From Modernism's denouement to the verbal pyrotechnics of post-conceptualism, poets and writers struggle over how to historicize our temporal moment, as well as ourselves. The recent outpouring of post-apocalyptic narratives and grief memoirs suggest that the end times aren't on their way—they've already been lived through, marking our aporetic times by the word "post" (post-history, narrative, race, gender, class, feminism, colonial, and human). Our capacity for coalitional politics or collective action, often replaced by elegiac and what Martin Glaz Serop calls "post-production witness literature," follows similar forms of dispersal, and forgetting, yet an opposing generative force can also be traced beyond mimesis, erasure, and fragmentation—the mock- or neo-epic, parlaying, as does Traci Brimhall and Lucy Biederman's "This is my Text for the World that Never Texted Me," Emily Dickinson with Hilary Clinton, say, or rescripting, as Natalie Shapero does in "Helicopter Mom (Or, Something For Everyone To Resent)" the Western, neo-imperialist appropriation of the "transitory property of Asian-ness" in the Vietnam War musical Miss Saigon.
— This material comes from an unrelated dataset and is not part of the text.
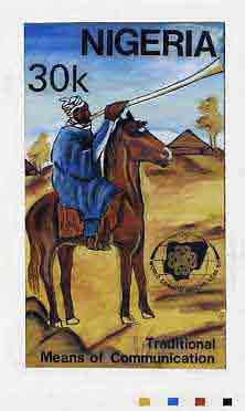 Nigeria 1983 World Communications Year - original hand-painted artwork for 30k value (Town Cryer on Horseback) by Mrs A Adeyeye on board 5" x 8.5", endorsed C1
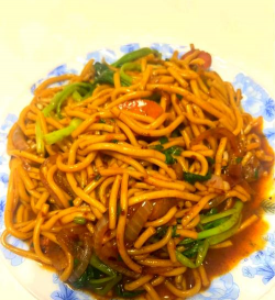 - 倒入炒面,加入卤汁翻炒至汤汁浓稠,面条裹满卤汁

Mythology does not seek out a factual "origin" of events or persons, providing instead a movement toward a more "accurate" representation of experience through multimedia, and crossgenre forms of autobiography, fiction, and poetry (Renata Adler's Speedboat, Elizabeth Hardwick's Sleepless Nights, Lauren Slater's Lying, Gail Scott's My Paris) as well as theatrical and anti-theatrical performance art (Laurie Anderson, Marina Abramović, Cindy Sherman) and other mediums and forms. These and other "narratives," through the work of artistic and self-invention, provide a means for men, and women of all races, ethnicities, and identifications of gender and sexuality to enter a phallocentric symbolic order through self- and other-representation, on their own terms.

As Vanessa Place says: "I'm grateful for any opportunity to be a signifier."

Including literary, visual, and sonic responses by artists, poets, writers, and composers Elena Tomorowitz, Kathleen Rooney, Elisa Gabbert, Brooke Wonders, Bridget Lowe, Traci Brimhall, Lucy Biederman, Virginia Konchan, Kate Durbin, Amaranth Borsuk, Elliot Cole, and Natalie Shapero, these writers engage with myths or fairy tale from Medusa to Madama Butterfly (with composer Elliot Cole's own Kyrgyz-inspired creation myth, or Durbin and Borsuk's Abra), challenging the depersonalized spaces of capitalism's homogenization with the return of the uncanny, the otherworldly, and the incontrovertible "other" among us: whether rising from the depths of literary tradition's epic myths—Greek, Finnish, Tagalog, or modernist, up to today.